I keep seeing the “Man on the Street” interviews that late night talk show hosts have on now and then. I have to wonder about the world these folks live in.
I am not going to begrudge someone because they know all the “Dancing with the Stars” contestants. And I certainly don’t expect them to know the names of the president’s cabinet or the heads of state around the world.
But it would seem that they might know the name of the Vice President or at least recognize his picture.
Asking people what they think about Sarah Palin being Barrack Obama’s running mate in the next election and them being OK with that says something.
Can We Even Form Complete Sentences?
You would think after four hundred plus years we would speak better — not worse. People in Shakespeare's time had working vocabularies of around 54,000 words.

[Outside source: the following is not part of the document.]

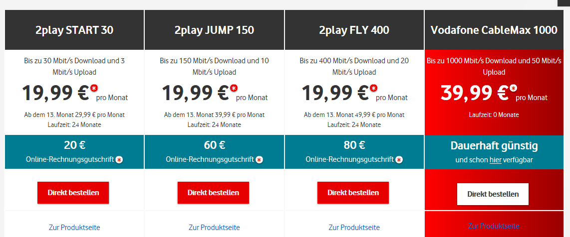 Oh.... moment mal. Kein 500mbit. Hmmmm.... Und man kann 1000 in den Warenkorb legen? Hmmm... Und wie du siehst ist das 1000 Angebot billiger als das 400. Von CableMax 500 steht nirgens was auf der Seite wenn man nicht Kunde ist/eingeloggt.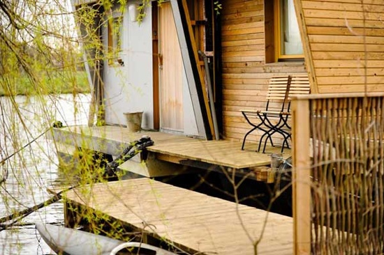 มีบ้านบนน้ำอีกหลังทีดูสวยงาม สร้างจากไม้ทั้งหลัง ออกแบบให้ลอยอยู่ในน้ำก็เหมือนกับเรือนแพบ้านเรานี่ล่ะ แต่ออกแบบทันสมัยดูสวยงาม

The working vocabulary of the average American today is 3,000 words. Or, 2,999 if you want to remove “awesome.”
Try reading the words of the founding fathers. The Federalist Papers would be a good place to start. No one speaks like that anymore.
In the Declaration of Independence, Thomas Jefferson wrote,
“But when a long train of abuses and usurpations, pursuing invariably the same Object evinces a design to reduce them under absolute Despotism, it is their right, it is their duty, to throw off such Government, and to provide new Guards for their future security.”

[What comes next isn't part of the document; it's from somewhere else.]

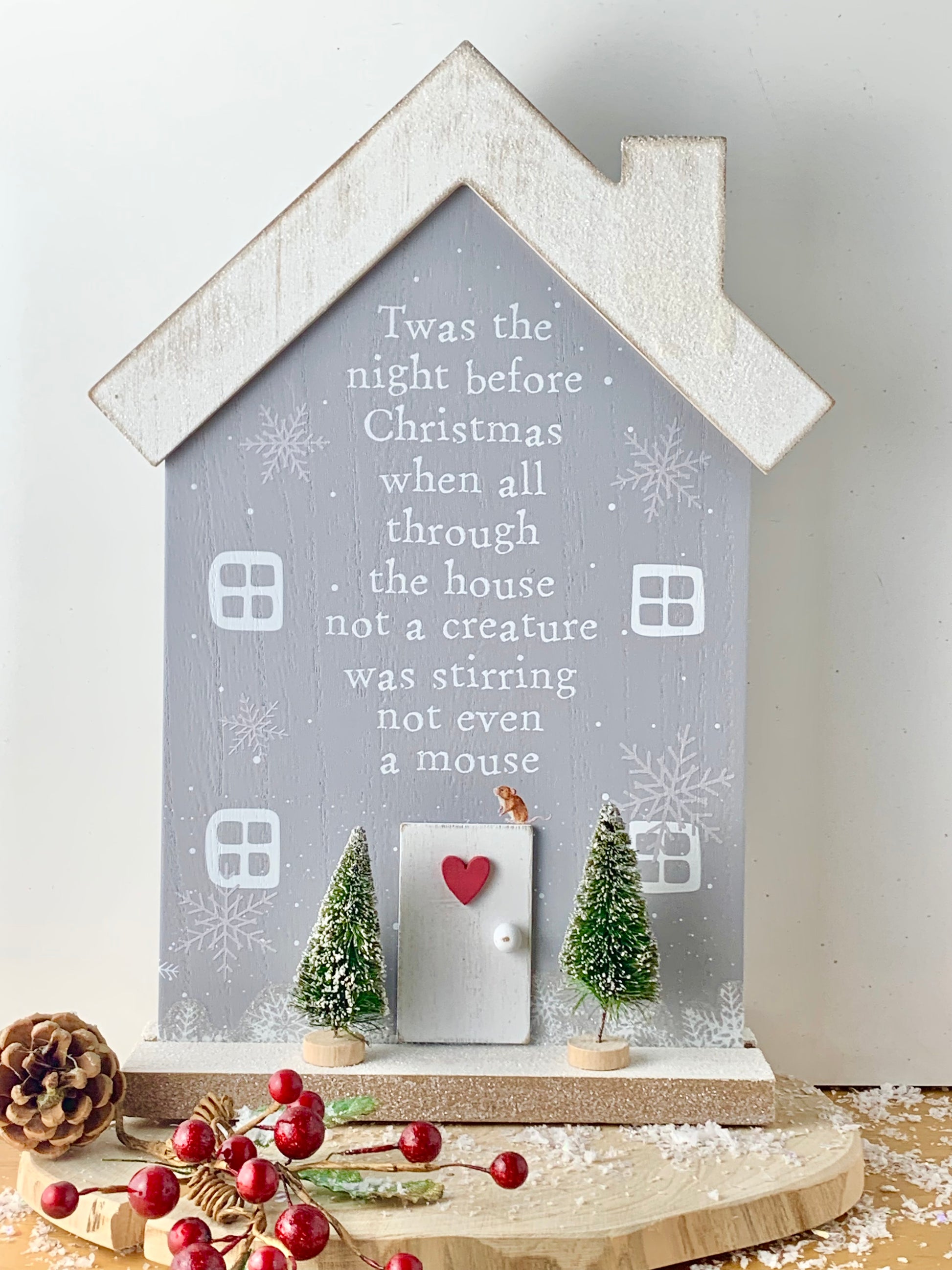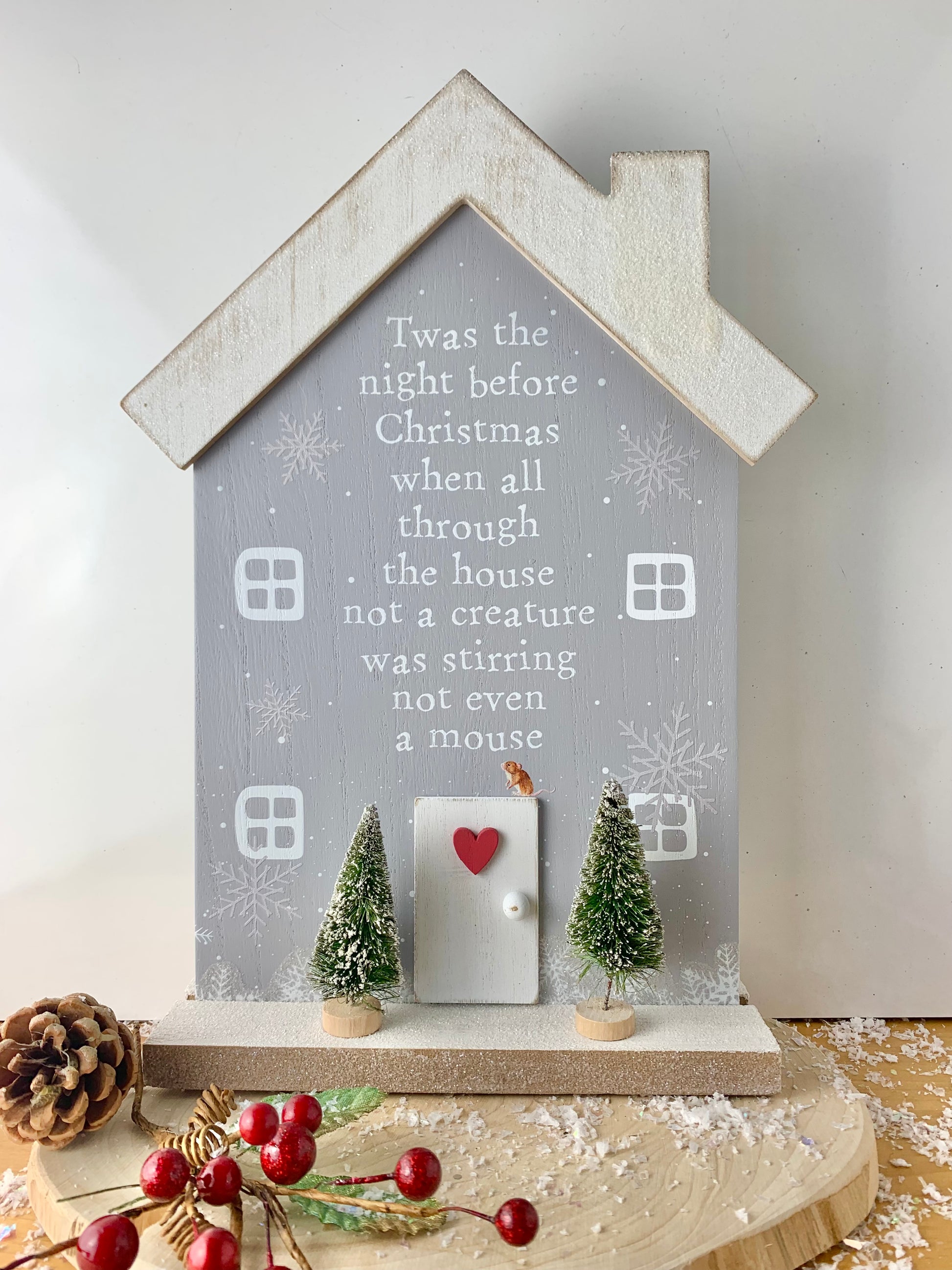 Wooden stand up sign in the shape of a house, the body is grey with white & grey writing & detail. The roof & stand is white with glitter detail.

Over seventy percent of Americans reading that today would have no idea what Jefferson was even talking about. “Usurpations,” “evinces,” “Despotism?”
Does Jefferson sound like the kind of guy you’d like to have a beer with?
Did I just end a sentence with a preposition?
Some Finals Thoughts
I realize that I am the last person on earth who should be giving grammar or communication criticism to anyone.
But the next time you want to, “kick the can down the road,” or “hook-up,” or use “at this point in time,” or determine that, “at the end of the day,” something will happen — Please Stop. You’re just embarrassing yourself.
I hate to break it to you but nothing, and I mean nothing, is “awesome.” Well, your Mom maybe.